27 de junio de 2006

Sefardíes en León

Se acaba de presentar en León, y está a punto de presentarse en Madrid, un documental verdaderamente impactante que cuenta un camino de vuelta hasta León de la cultura sefardí después de quinientos años. El filme realizado por el joven director hebreo Jack Matitiahu, contextualiza perfectamente la importancia que León tuvo para los judíos—yviceversa— desde el siglo III. Titulado «Sefarad. Caminos y vida (León. Reencuentro)», la obra relata, en un tono emocionante y en ocasiones poético, una historia que sentimos como nuestra.

Todo comienza con una moneda rescatada bajo el manto musgoso del tiempo en las excavaciones de Puente Castro. Aquellos expulsados en 1492 no lo fueron de un lugar extraño, o extranjero, sino de una ciudad y un barrio que tal vez habitaban desde 1.200 años antes y que hubieron de dejar, junto con sus muertos y su hacienda. Antes, aportaron su gran talento y su industria, sus libros —algunos tan fundamentales como el Zohar—, su heredad humana.

La vida continúa y el largo camino comienza. La diáspora judía nunca olvidará su «Espania» querida. Conservará su lengua —y sus refranes, como en el filme veremos— como si lo que hubiera ocurrido fuese la ruptura de una familia, una de las nuestras.

Previamente a la expulsión decretada por Isabel la Católica, se alentó la conversión a los judíos al catolicismo. Muchos, por tanto, se quedarán, convertidos, a veces de corazón y en ocasiones por necesidad vital, aunque siempre mantuvieron algunas de sus costumbres, como ascuas que la intemperie no lograba apagar. Familia truncada, pero unida por hilos invisibles que atraviesan la distancia, o el tiempo.

Volver atrás los caminos y encontrar la vida aquella, como una moneda enterrada, olvidada, entre el óxido del tiempo, aunque mantiene su familiaridad con nuestras manos. Así, por el documental desfilan hombres y mujeres de comarcas leonesas que mantenían los descansos del sábado, y otras tradiciones judías que también pervivieron entre nosotros cinco siglos. La vida es de ascuas cálidas cuando dos cantoras de la música sefardí, María José Cordero y Suzi, una de aquí y otra de allá, caen en la cuenta de que sus respectivas abuelas cantaban el mismo romance mientras cocinaban. Y ellas lo cantan igual hoy.
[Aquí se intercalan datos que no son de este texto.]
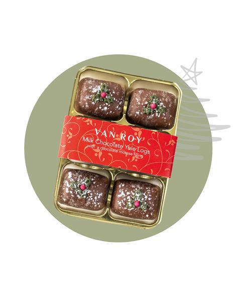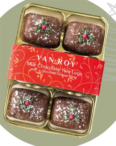 Step into a world of cozy holiday nostalgia with Van Roy Milk Chocolate Yule Logs!
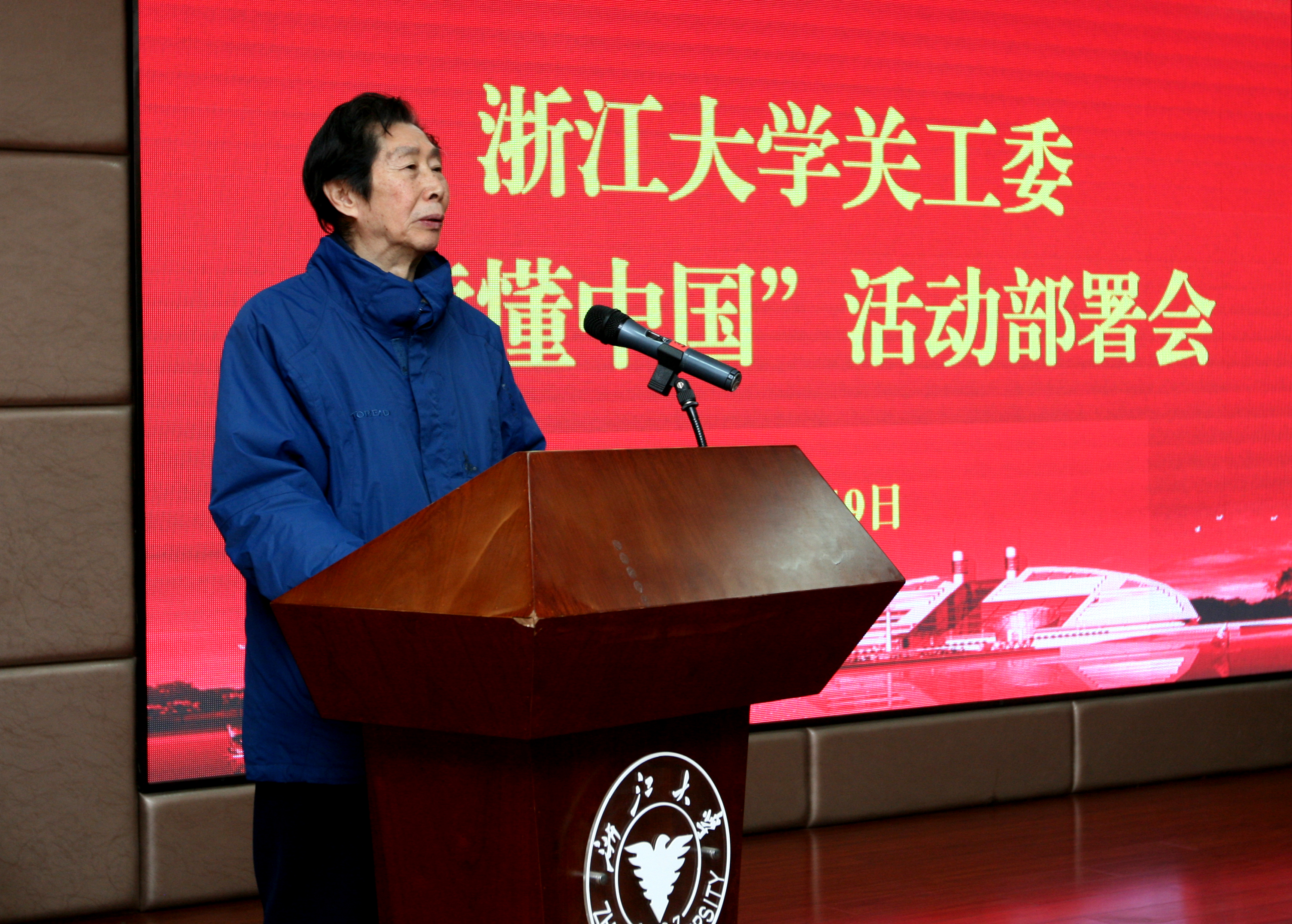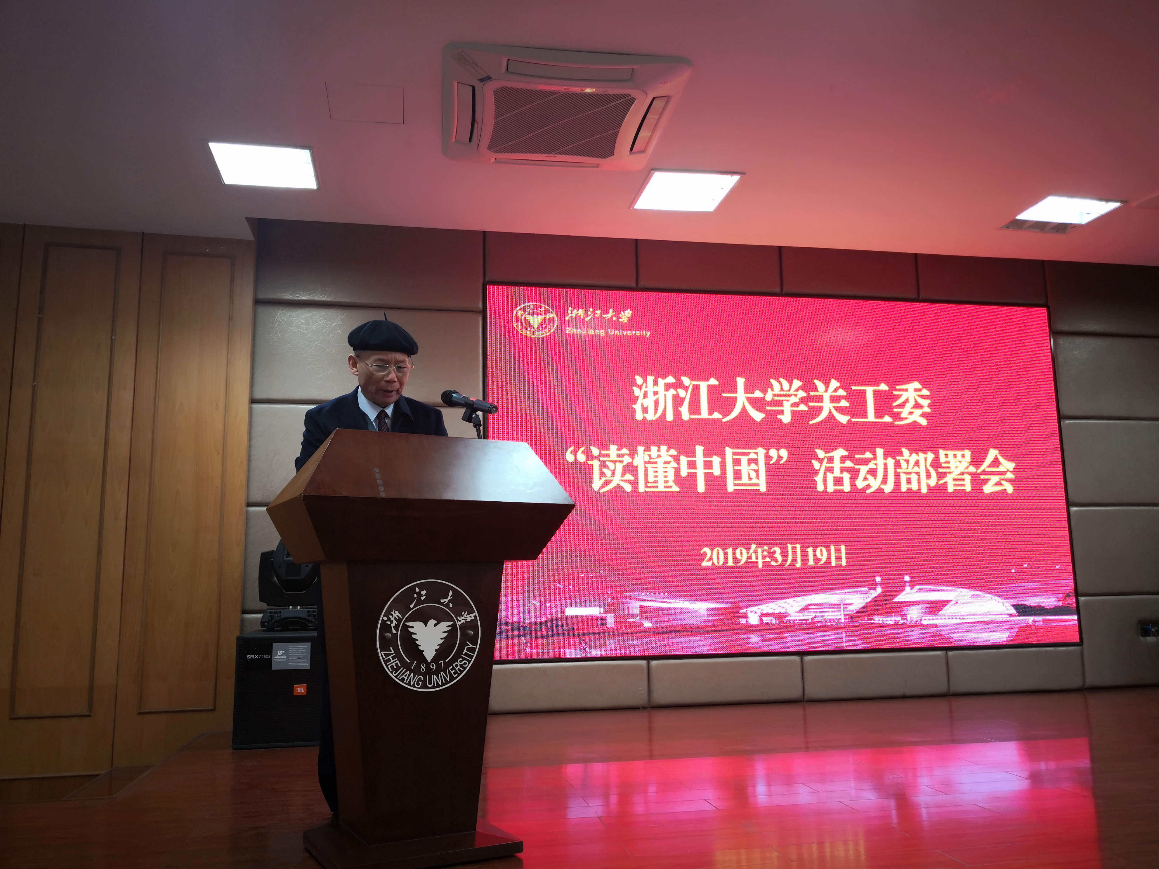 校关工委顾问邹先定作了动员讲话,他谈到作为宣讲团成员的感受,以及自己理解的“五老”的责任和感悟,并满怀深情地回忆了当年杭州解放的经历,感慨党的伟大,并阐明了在青年一代开展“读懂中国”活动的必要性。

Vidas en el espejo de la historia y el tiempo. Por la pantalla pasan escritores, profesores, músicos, artesanos, niños y poetas como Antonio Gamoneda o Antonio Colinas... Todo un jardín de encrucijadas está expresado en esta hora y media de película de Jack Matitiahu, producida por su madre, la célebre poeta sefardí Margalit Matitiahu. Músicas y palabras antiguas que resuenan cerca del corazón.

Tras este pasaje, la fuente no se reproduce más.